L'anguille des pertuis et l'argent

Les scientifiques du CIEM demandaient la cessation de toute pêche de l’anguille depuis 20 ans déjà et, depuis 2015, ils réclament désormais que tous les efforts soient faits pour annuler toute mortalité d’origine anthropique : « Toute mortalité d’origine humaine (pêche récréative et professionnelle, centrale électrique et pollution) affectant la production et l’échappement des géniteurs devrait être réduite le plus possible vers zéro. »

Dans le dernier rapport WGEEL 2019, la totalité de tous les groupes scientifiques européens experts parlent d’une « question urgente » et exigent « des actions rapides ».

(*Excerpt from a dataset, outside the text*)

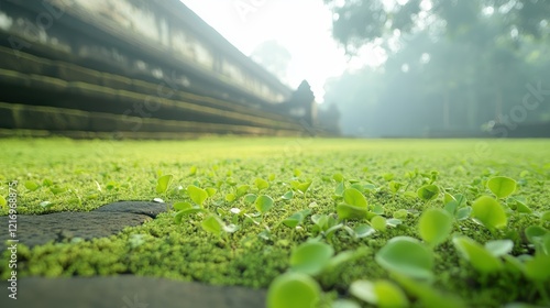 Vast green field of grass stretching to the horizon under a clear blue sky lush

Il est rare que des scientifiques s’expriment de façon aussi explicite.

Dans ce contexte, chacun appréciera l’arrêté du ministère des transports n°3437 du 12-12-83 fixant les conditions d’exercice de chalutage dans le pertuis breton, le pertuis d’Antioche et le courreau d’Oléron, qui autorise le chalutage des crevettes et des anguilles jusqu’à 50 mètres du bord et des poissons jusqu’à 1 kilomètre du bord.

La France accorde donc une dérogation de chalutage au ras du bord pour capturer - entre autres - une espèce en danger critique d’extinction, à savoir l’anguille.

L’ADRM estime que c’est une dérogation injustifiable à l’article D922-16 du code rural et de la pêche maritime à cause de l’atteinte aux fonds marins, aux nourriceries et aux amphihalins, ce qu’IFREMER a maintes fois souligné, ici ou ailleurs.

Les maillages autorisés et les dates d’ouverture pour l’anguille ne respectent pas les règlements européens.

Grâce à une transposition incorrecte et déjà condamnée par la cour de justice européenne, il n’y aucune évaluation des incidences NATURA 2000 alors que dix aires NATURA 2000 sont concernées. Les captures accidentelles d’oiseaux marins, de cétacés et d’amphihalins sont inévitables, tandis que les prélèvements en crevettes et petits poissons affaiblissent la chaîne alimentaire des espèces d’intérêt communautaire.

Cette éternelle dérogation ignore les mesures prises dans le cadre de la directive cadre Stratégie pour le milieu marin, qui restent lettre morte dans d’épais dossiers inutiles mais coûteux, mais qui nourrissent une kyrielle d’organismes.

Mais la première victime serait bien la pêche professionnelle elle-même, qui voit fondre peu à peu ses rendements et ses effectifs locaux, sans être capable de réagir, dans un contexte de rivalités locales, accompagnant ainsi le lent déclin documenté des nourriceries et des fonds marins des pertuis.

L’ADRM vient d’introduire un recours contentieux en même temps qu’une plainte devant la Commission européenne, puisque l’arrêté, pratiquement jamais revisité, cumule pas moins de 4 infractions aux règlements communautaires.